Cladistic language concepts
Isidore Dyen
dyen at hawaii.edu
Tue Oct 13 21:40:51 UTC 1998
----------------------------Original message----------------------------
Please forgive me for breaking into this discussion of cladistic concepts
and linguistics. There is a very sharp difference between the characters
of cladistics and the cognates of genetic linguistics. Homologous
characters, if I understand cladistic talk, are features that are
candidates for having the same origin in some common ancestor.
There three analogous structures that I am aware of and that deal with
procedures for inferring genetic evolution. One of these is the language
family-tree, and the other two are respectively the cladistics of biology
and the use of cultural traits in anthropology.
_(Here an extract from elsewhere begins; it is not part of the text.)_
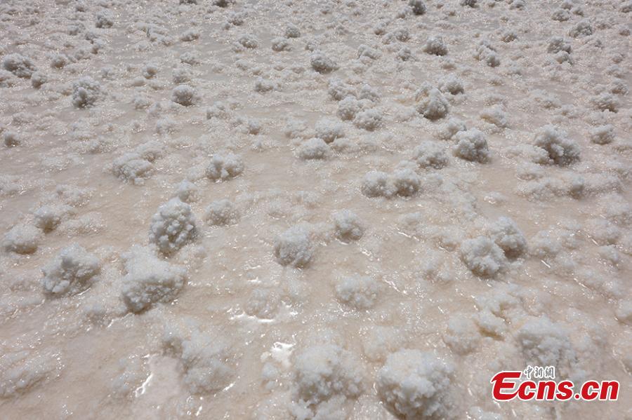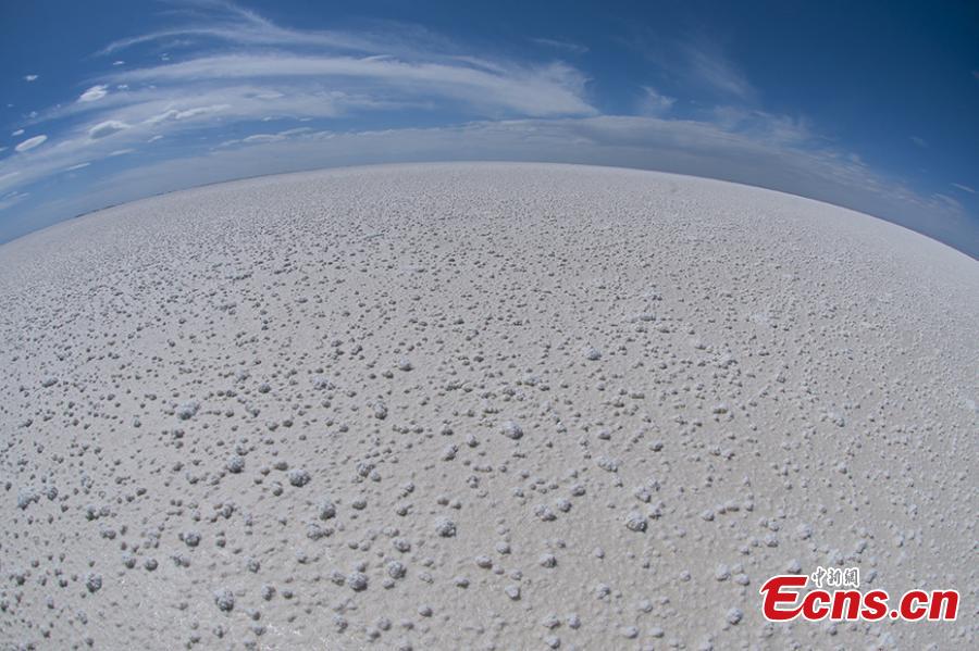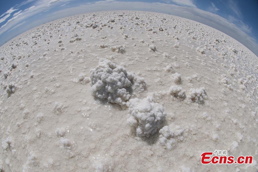 A view of the Qarhan salt lake in Golmud, Northwest China's Qinghai Province, July 25, 2018. The Qarhan salt lake, with a total area of 5,856 square kilometers, is the largest salt lake in China. The lake's abundant deposit of halide salts makes it a major mineral center. In the vast lake, the salt blossoms like flowers and takes the form of pillars, corals and pearls. (Photo: China News Service/Fu Yu).

'Traitisitics' has a poor reputation and deservedly so. What cladistics
and the linguistic family-tree have in common is the assumption that their
basic units do not mix. Once a species or a language becomes distinct,
that distinction is indissoluble. Where traits are concerned, such an
assumption would lead nowhere because there are too many instances in
which cultures have amalgamated in a way that precludes attributing the
continuity to just one of the contributing cultures. In other words,
cultures do not behave that way.
As for cladistics the difficulty surrounds th issue of definable
characters. Although broadly the difference between characters is usually
easy to see, the discrimination between differences and identities in
extreme cases seem to present difficulties. Now that there is competition
from the study of DNA, it seems likely that cladistics wil serve to be
ancillary support to inferences from the more intrinsic DNA agreements and
differences.
As for linguistics, it has the advantage of the comparative method which
is based on the inferences that can be drawn from the systematic
correspondences between phonemes that characterize related languages
and raise the likelihood of inferences based on those correspondences,
thus giving the inferences scientific standing.
On Wed, 12 Aug 1998, Ghiselin, Michael wrote:
> ----------------------------Original message----------------------------
> Dear Dr. DeLancey:
> Thank you very much for casting your vote. It would be
> nice if more linguists would do the same because the sample
> as it exists is small and perhaps not representative.
> In spite of that the preliminary results are very
> interesting. Not only has a cladistic language concept been
> generally presupposed but, as you say, linguists do not even
> consider the topic particularly interesting. Why should
> this be? One possibility is that where linguists have a
> written record it lacks the fragmentary nature of the fossil
> record that results from accidents of preservation and the
> like. Another is that what the linguists do perceive as
> important is trying to find older and older common
> ancestries and the genealogical relationships are all that
> they need. Linguists do not have the elaborate system of
> categories, such as phylum, class, order etc., that we
> zoologists do. And unless I am mistaken (please correct me
> if I am) they do not believe that there are important
> differences that need to be expressed by giving a taxon a
> higher rank, as when our own species has been put in a
> separate order or even kingdom.
> Linguists must have methodological problems with
> respect to paraphyly, parallelism and convergence. But so
> far as I can tell, they treat these as problems to be
> overcome in reaching a strictly genealogical arrangement.